Hubo un breve silencio.
—Pues sí, hija mía —reanudó Joaquín—, yo no estoy bien, yo sufro, sufro casi toda mi vida; hay mucho de verdad en lo que has adivinado; pero con tu resolución de meterte monja me acabas de matar, exacerbas y enconas mis males. Ten compasión de tu padre, de tu pobre padre...
—Es por compasión...
—No, es por egoísmo. Tú huyes; me ves sufrir y huyes. Es el egoísmo, es el despego, es el desamor lo que te lleva al claustro. Figúrate que yo tuviese una enfermedad pegajosa y larga, una lepra; ¿me dejarías yendo al convento a rogar por Dios que me sanara? Vamos, contesta, ¿me dejarías?
—No, no te dejaría, pues soy tu única hija.
—Pues haz cuenta de que soy un leproso. Quédate a curarme.Me pondré bajo tu cuidado, haré lo que me mandes.
—Si es así...
Levantóse el padre, y mirando a su hija a través de lagrimas, abrazóla, y teniéndola así, en sus brazos, con voz de susurro, le dijo al oído:
—¿Quieres curarme, hija mía?
—Sí, papá.
—Pues cásate con Abelín.
—¿Eh? —exclamó Joaquina separándose de su padre y mirándole cara a cara.
—¿Qué? ¿Qué te sorprende? —balbuceó el padre, sorprendido a la vez.
—¿Casarme? ¿Yo? ¿Con Abelín? ¿Con el hijo de tu enemigo?
—¿Quién te ha dicho eso?
—Tu silencio de años.
—Pues por eso, por ser el hijo del que llamas mi enemigo.
—Yo no sé lo que hay entre vosotros, no quiero saberlo, pero al verte últimamente cómo te aficionabas a su hijo me dio miedo... temí..., no sé lo que temí.
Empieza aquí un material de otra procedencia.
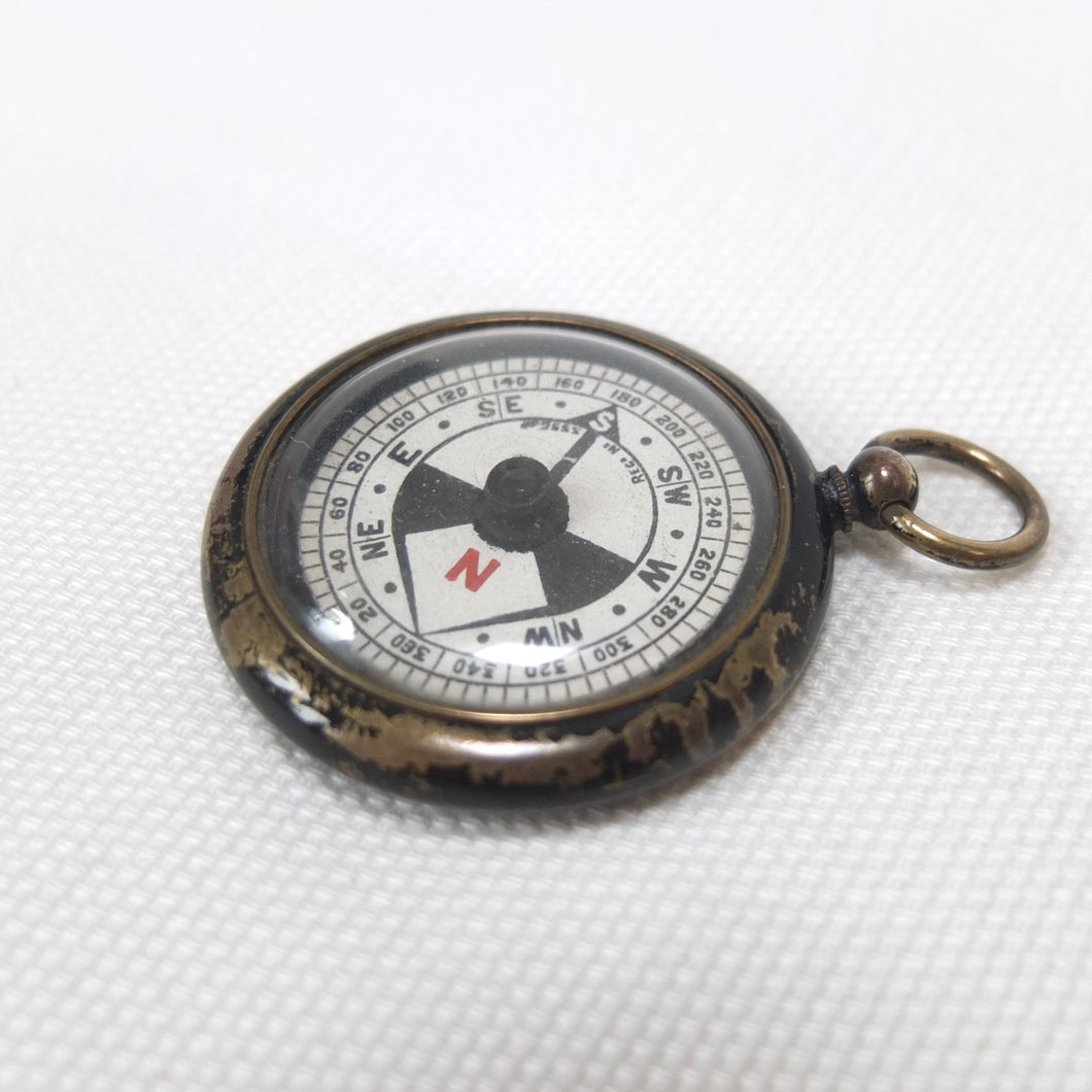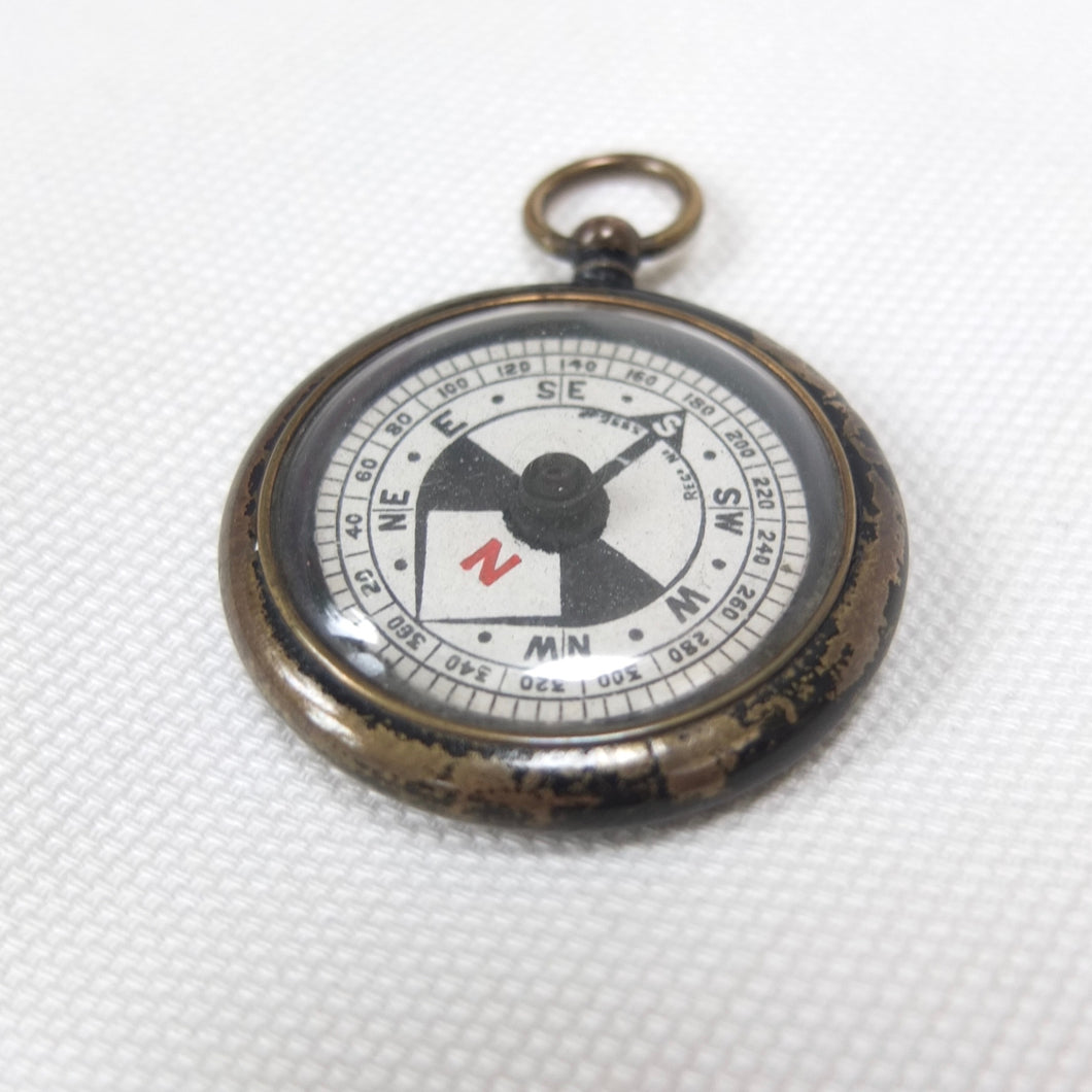 A brass cased Francis Barker & Son pocket compass, dating from c.1900. Although there are no maker's marks, this compass is the 'Registered Dial, No. 355639' model which was made by Barker and featured in many Barker catalogues from c.1900 until the mid 1920s. Also known as 'The Owl', versions of this design were advertised before WW1 in British military handbooks as a compass suitable 'For NCO's and men'. At the turn of the century it sold for 3 shillings and sixpence. Further details of this Barker compass design can be found in: Trade Mark London (p.199-200) by Paul Crespel, and at the trademarklondon.com website.

Ese tu cariño a Abelín me parecía monstruoso, algo infernal...
—¡Pues no, hija, no! Buscaba en él redención. Y créeme, si logras traerle a mi casa, si le haces mi hijo, será como si sale al fin el sol en mi alma...
—Pero ¿pretendes tú, tú, mi padre, que yo le solicite, le busque?